Minggu berikutnya, di hari Minggu pagi healing (kalau boleh memakai istilah itu) kami lanjutkan dengan perjalanan lain. Perjalanan ke Pantai Parangtritis di Kelurahan Parangtritis, Kapenewon Kretek, Bantul, Daerah Istimewa Yogyakarta. Ini masih tentang wisata air. Bedanya, kalau minggu sebelumnya kolam air tawar, sekarang air laut, air asin. Pantai Parangtritis 27 km dari kota Yogyakarta, 40 menit berkendaraan dari pusat kota. Kami bermotor ke sana. Empat orang isinya. Melebihi kapasitas. Nasib baik selamat sampai tujuan, selamat pula sampai kembali di kontrakan.
Pantai Parangtritis yang kami kunjungi waktu itu tidak terlalu ramai. Beberapa orang nampak bersantai di sana. Ada yang mandi-mandi, ada yang menikmati kuliner, ada yang naik kuda dan kereta wisata. Ada pula yang menyewa motor ATV untuk berpusing-pusing. Anak-anak muda dua sejoli memojok berpasang-pasangan entah memperbincangkan apa. Asyik sekali mereka menikmati masa muda.

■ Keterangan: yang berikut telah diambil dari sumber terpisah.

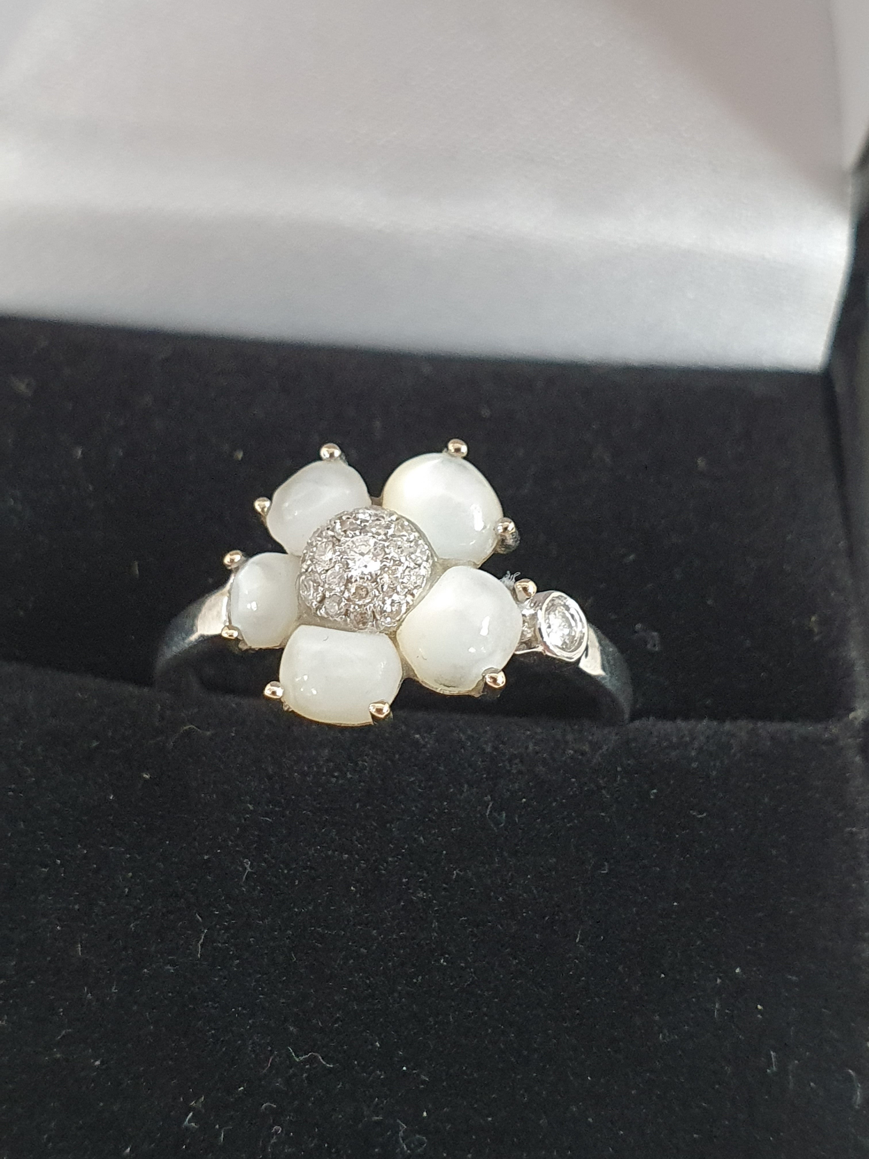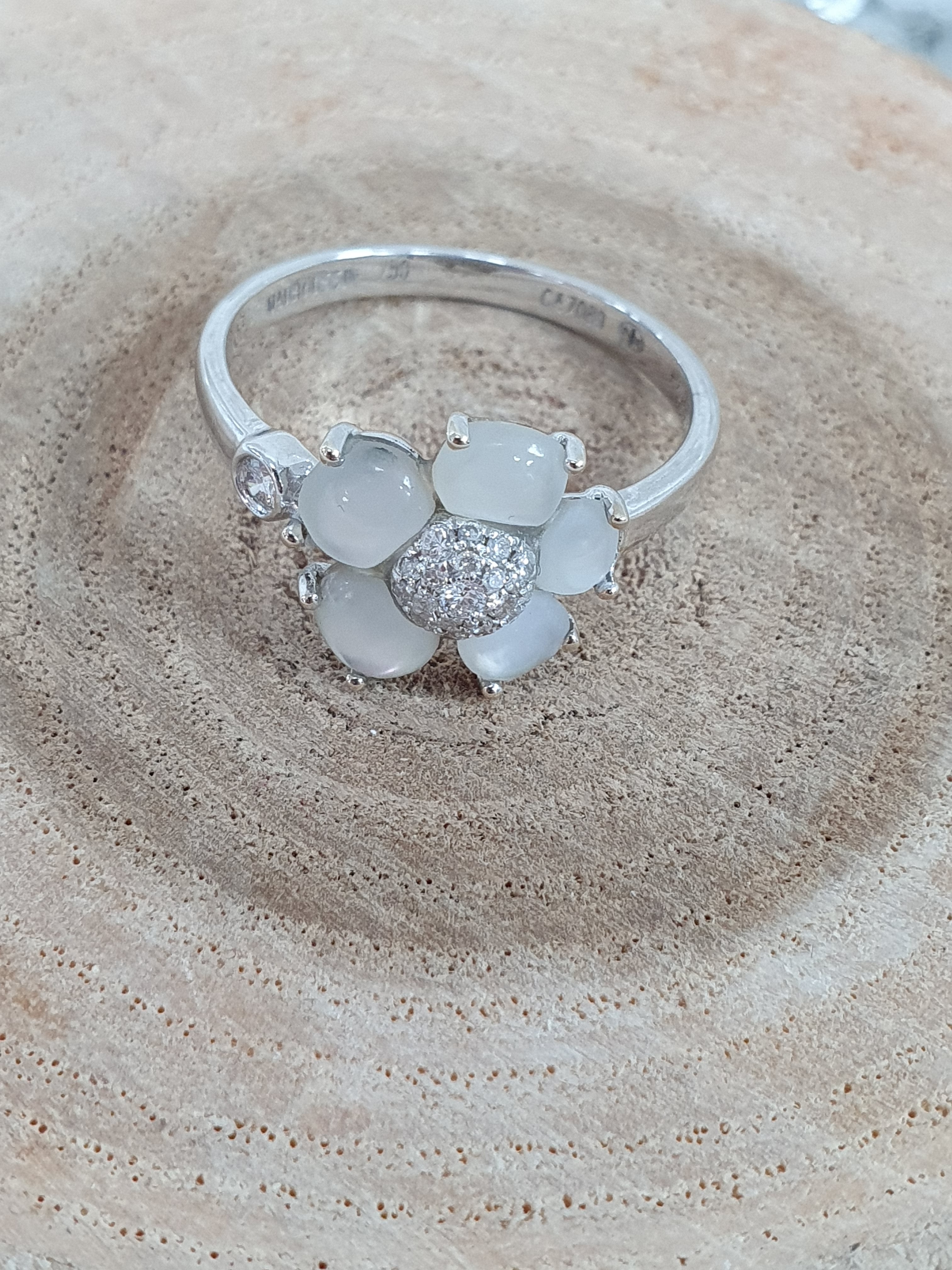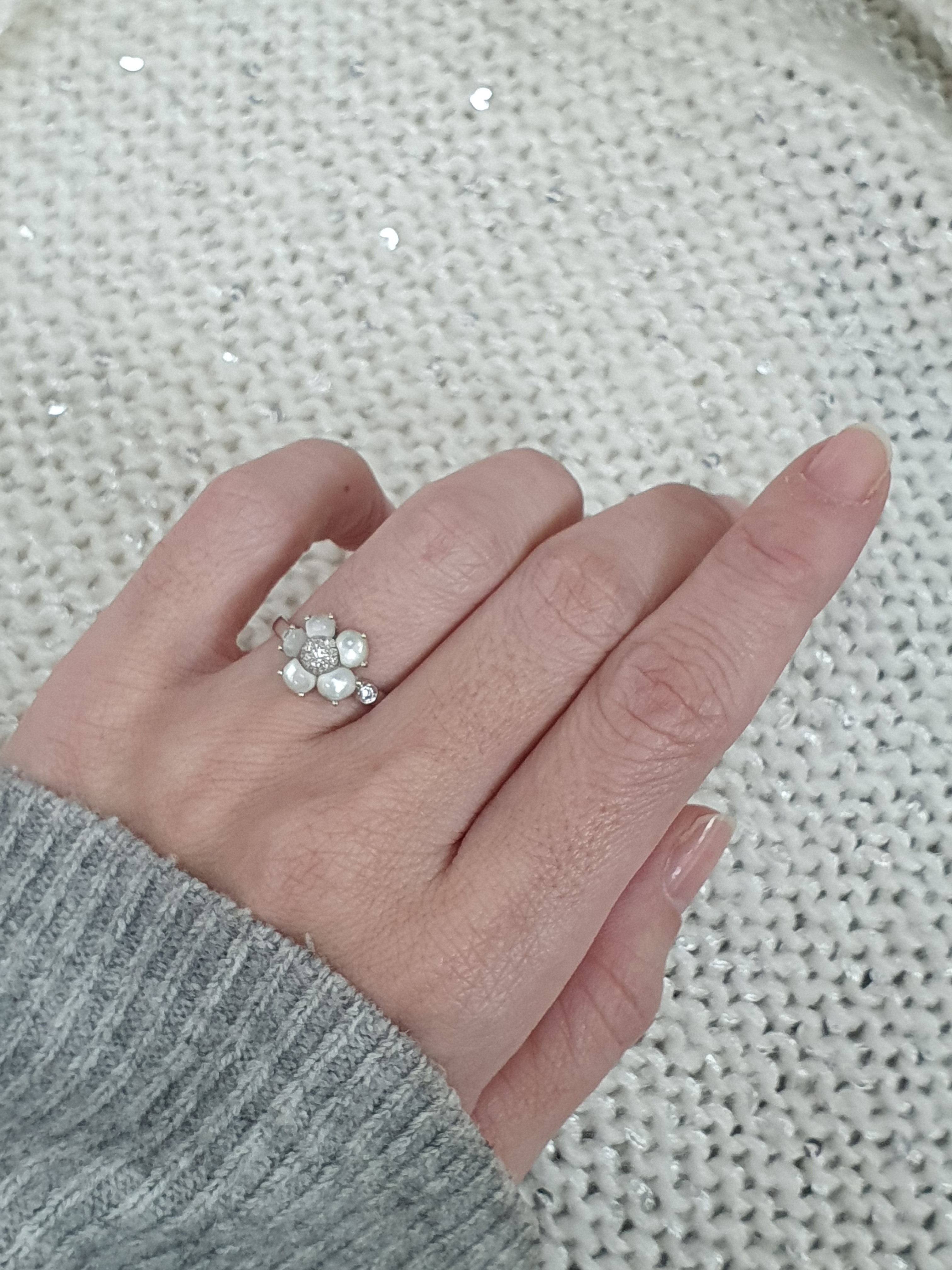 Pierres : 5 pierres nacrées et diamants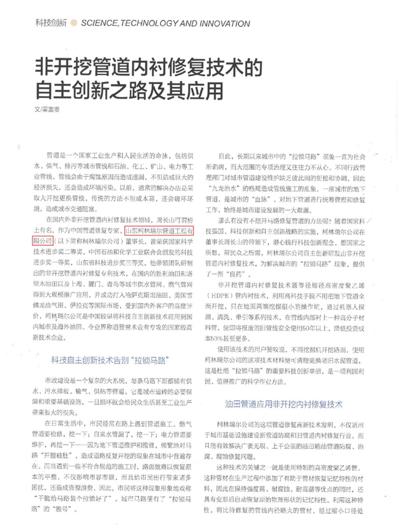 山東柯林瑞爾管道工程有限公司是國家級高新技術企業,水資源節約與保護產業創新聯盟理事單位。公司與中國石油大學(華東)、北京化工大學等多家知名院校和國家實驗室建立了長期密切的合作關系。公司被評為“山東省專利明星企業”,“質量信得過單位”,“企業信用AAA級單位”,山東省“專精特新”企業。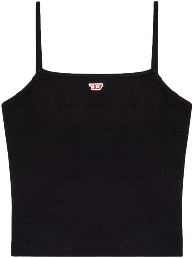 logo-patch sleeveless vest top from DIESEL featuring jet black, cotton blend, logo patch to the front, thin shoulder straps, sleeveless and straight hem.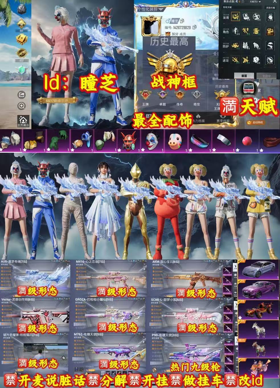 适配系统:苹果 账号类型(腾讯):微信 分销起租时长:1 载具数量:6 粉色时装数:40 套装数量:187 特效枪数量:20 枪皮数量:199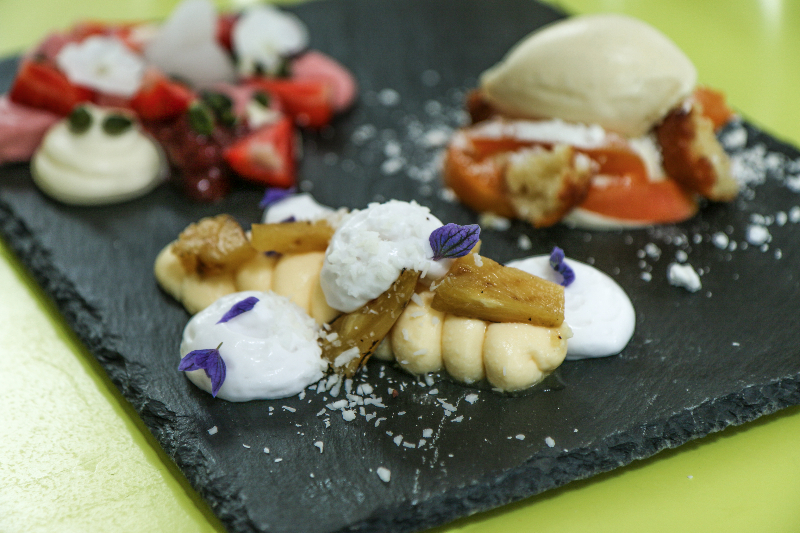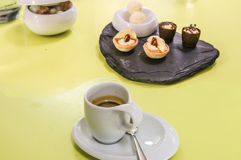 The dessert selection reflects the spirit of the cuisine: there’s fruit in every course and no chocolate. The selection we have comprises English Strawberry, Pistachio and Vanilla; Grilled Pineapple, Coconut and Hazelnut; and Lemon Thyme Infused Panna Cotta and Peach. The coffee is roasted by Caravan in King’s Cross; though it’s a little too long for an espresso, it’s simply exquisite.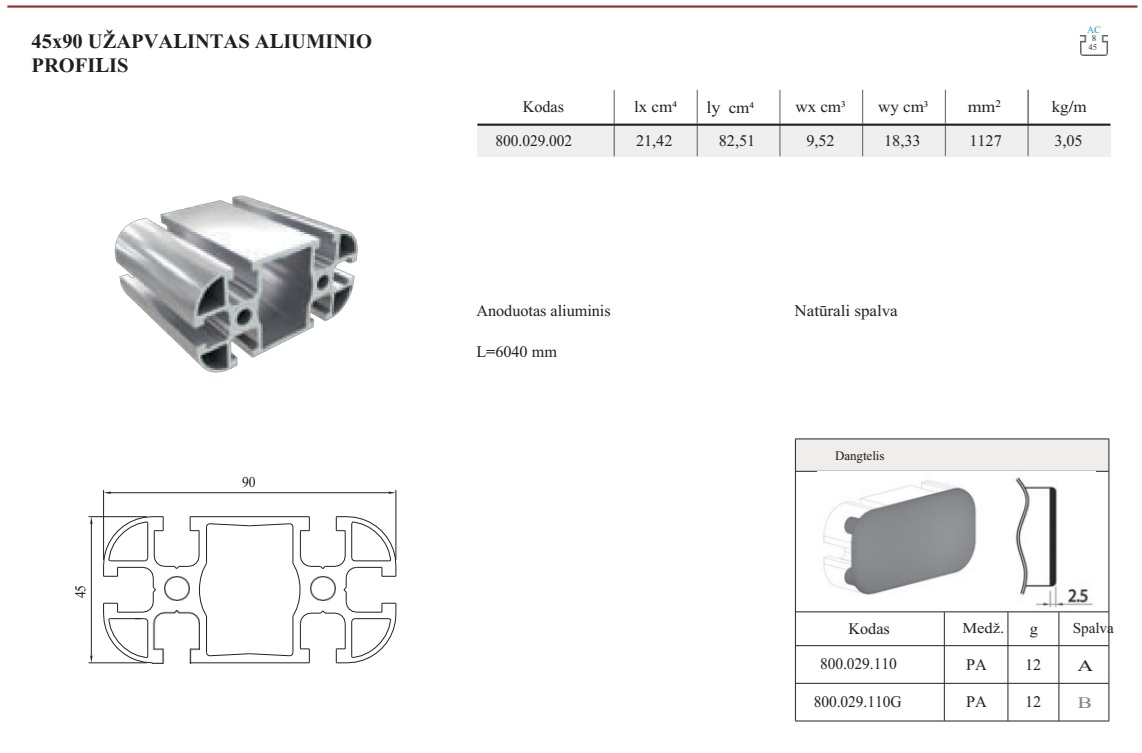 | 800.029.001 | 9,68 | 9,68 | 4,30 | 4,30 | 627 | 1,70 | 6040 | Anoduotas aliuminis |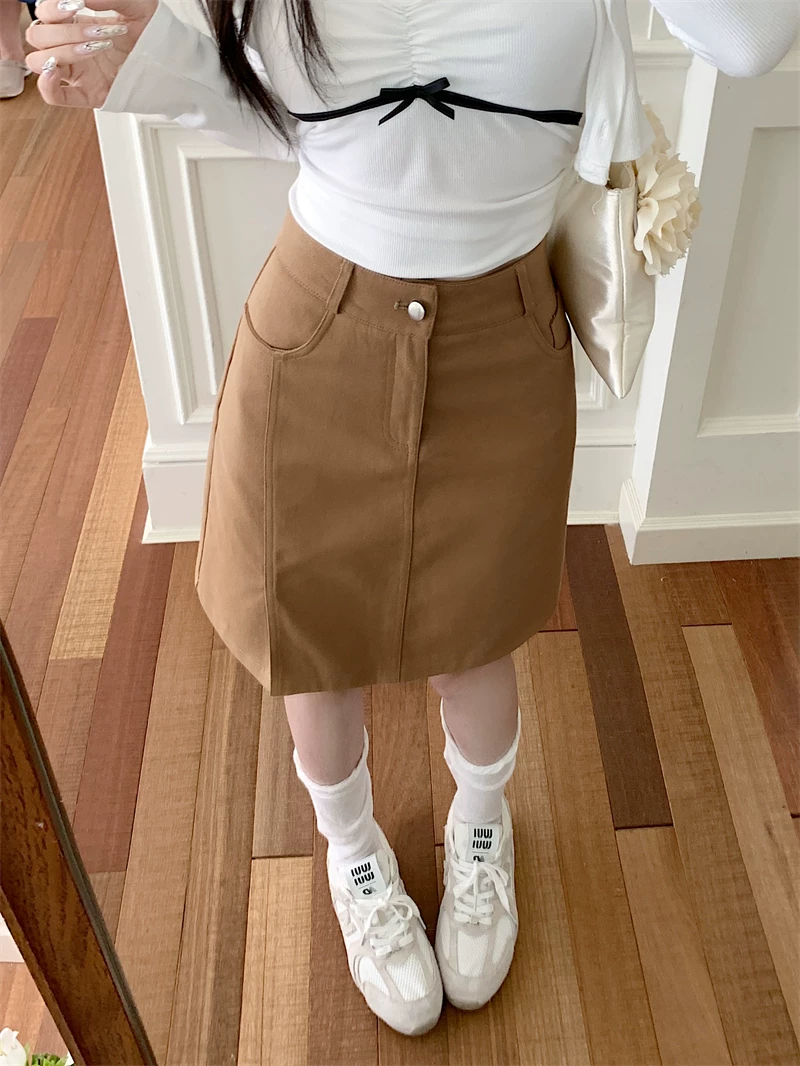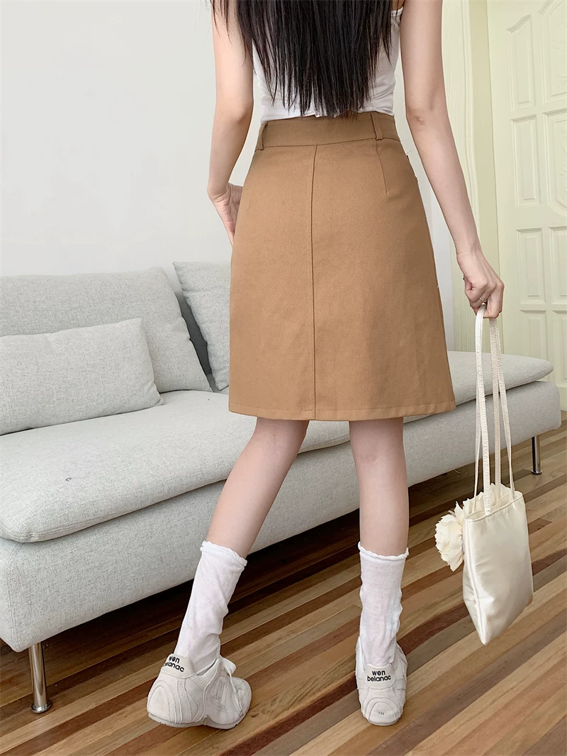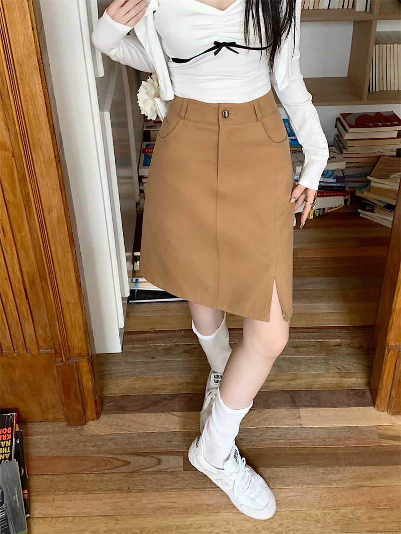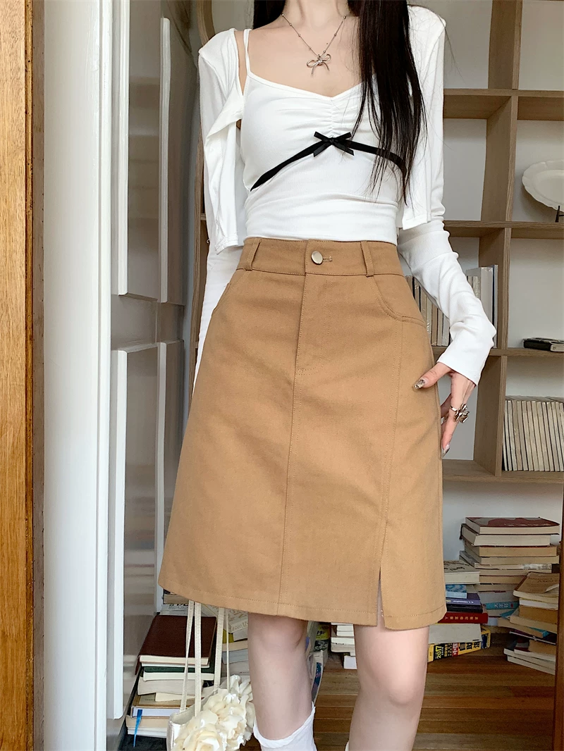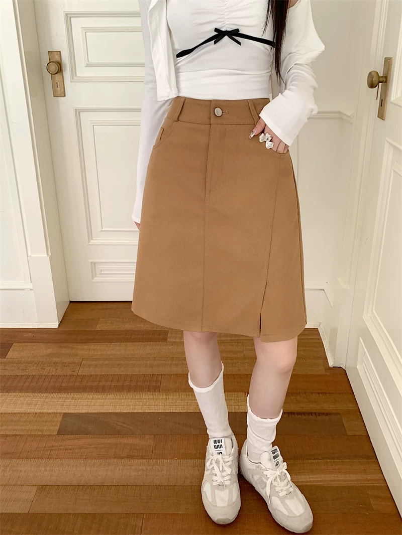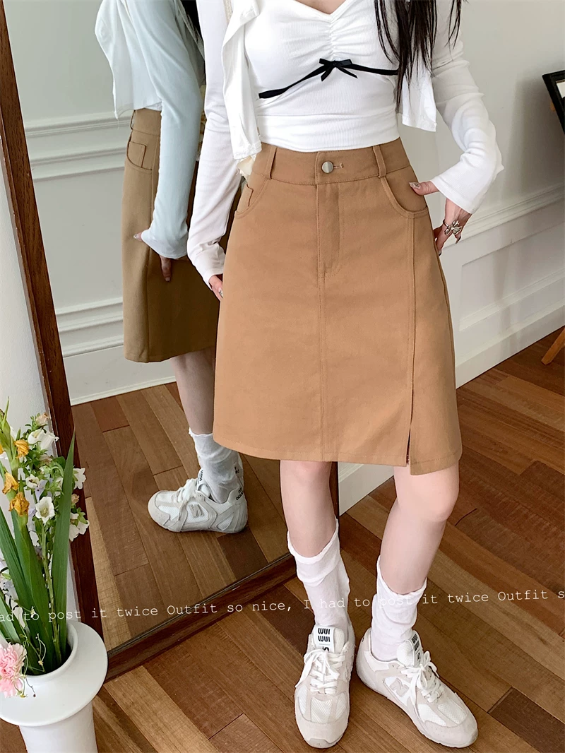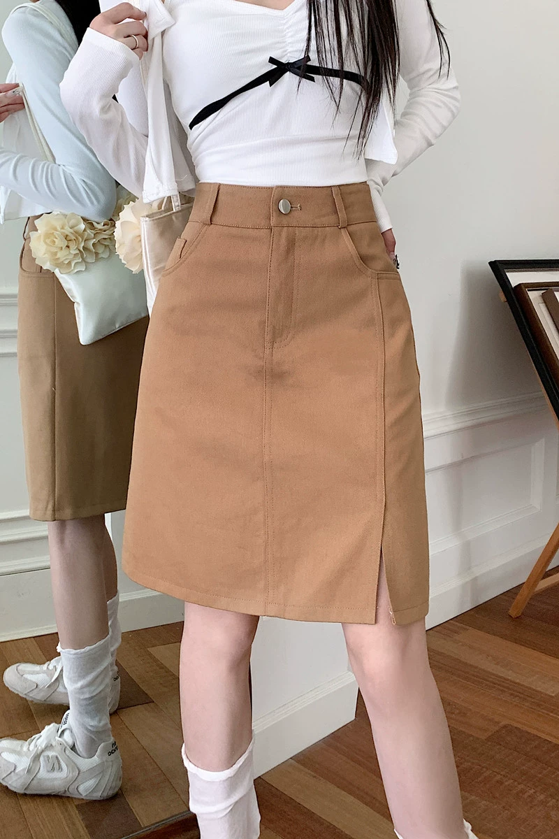 Váy midi denim kaki size lớn cho nữ, váy ngắn chữ A cạp cao mùa hè, váy bút chì dài vừa phải có đường xẻ tôn dáng.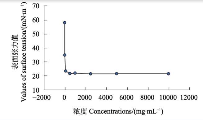 按國(guó)家標(biāo)準(zhǔn)GB 5549—2010的方法,將助劑380配置成1、10、100、1000、10 000、100 000 mg/mL系列濃度,用表面張力儀測(cè)定相應(yīng)濃度藥液的表面張力。以濃度和其對(duì)應(yīng)的表面張力值分別為橫縱坐標(biāo)作圖,獲得一條曲線,曲線拐點(diǎn)對(duì)應(yīng)的濃度即為助劑380的臨界膠束濃度。

Kami sampai di Parangtritis ketika matahari menjelang siang. Angin pantai berhembus agak kencang. Ombak bergulung sedang. Ketika kami mencari-cari tempat untuk duduk, tukang es krim tiba-tiba menyodorkan beberapa potong es krim ke tangan anak-anak kami, tidak hanya sekedar membunyikan toleletnya saja. Terpaksalah kami membeli. Setiap diri satu es krim. Kemudian kami menyelosoh di pasir pantai yang menghampar menikmati es krim tersebut. Namun sesuatu terjadi, entah kapan perginya anak perempuan kami tiba-tiba sudah tidak bersama ibunya. Tengok ke sana ke mari, ternyata dia sudah di bibir pantai. Kakinya sudah basah ditimpa air laut. Tiba-tiba datang ombak cukup besar. Anak kami itu terseret olehnya. Masuk ke laut beberapa meter. Saya cepat mengejar dan mengangkatnya ke luar. Air dan pasir pantai masuk ke jilbab kecilnya. Masuk pula ke mulut dan telinganya. Dia tersedak sampai di luar. Abangnya tertawa-tawa melihat itu.
Beberapa lama dia bersin-bersin. Setelah itu baikan. Jilbab kecilnya dilepas. Lalu dia kembali lagi ke pinggir pantai. Kali ini mengajak Abangnya. Tak tertegah lagi, mereka mandi-mandi. Puas mandi, main pasir. Saya dan ibunya mengawasi dari tempat duduk kami yang tidak jauh dari situ. Sekali-kali saya ke tempat mereka memastikan kondisi mereka aman. Sampai menjelang zuhur, kami biarkan mereka menikmati air dan pasir pantai itu sementara kami menikmati pula suasana di sekitarnya. Semua senang. Menjelang zuhur kami bersih-bersih. Salat zuhur, makan siang, dan kemudian kembali ke Yogyakarta.
Begitulah, Parangtritis di mata kami terasa panas. Tidak ada pohon pelindung di arena bermain. Bentangan pantainya sama seperti bentangan pantai yang ada di Air Manis, dekat batu Malin Kundang, di Padang, Sumatera Barat. Menikmati Pantai Parangtritis seperti menikam rindu terhadap kampung halaman yang telah sekian lama kami tinggalkan. Wallahualam bissawab.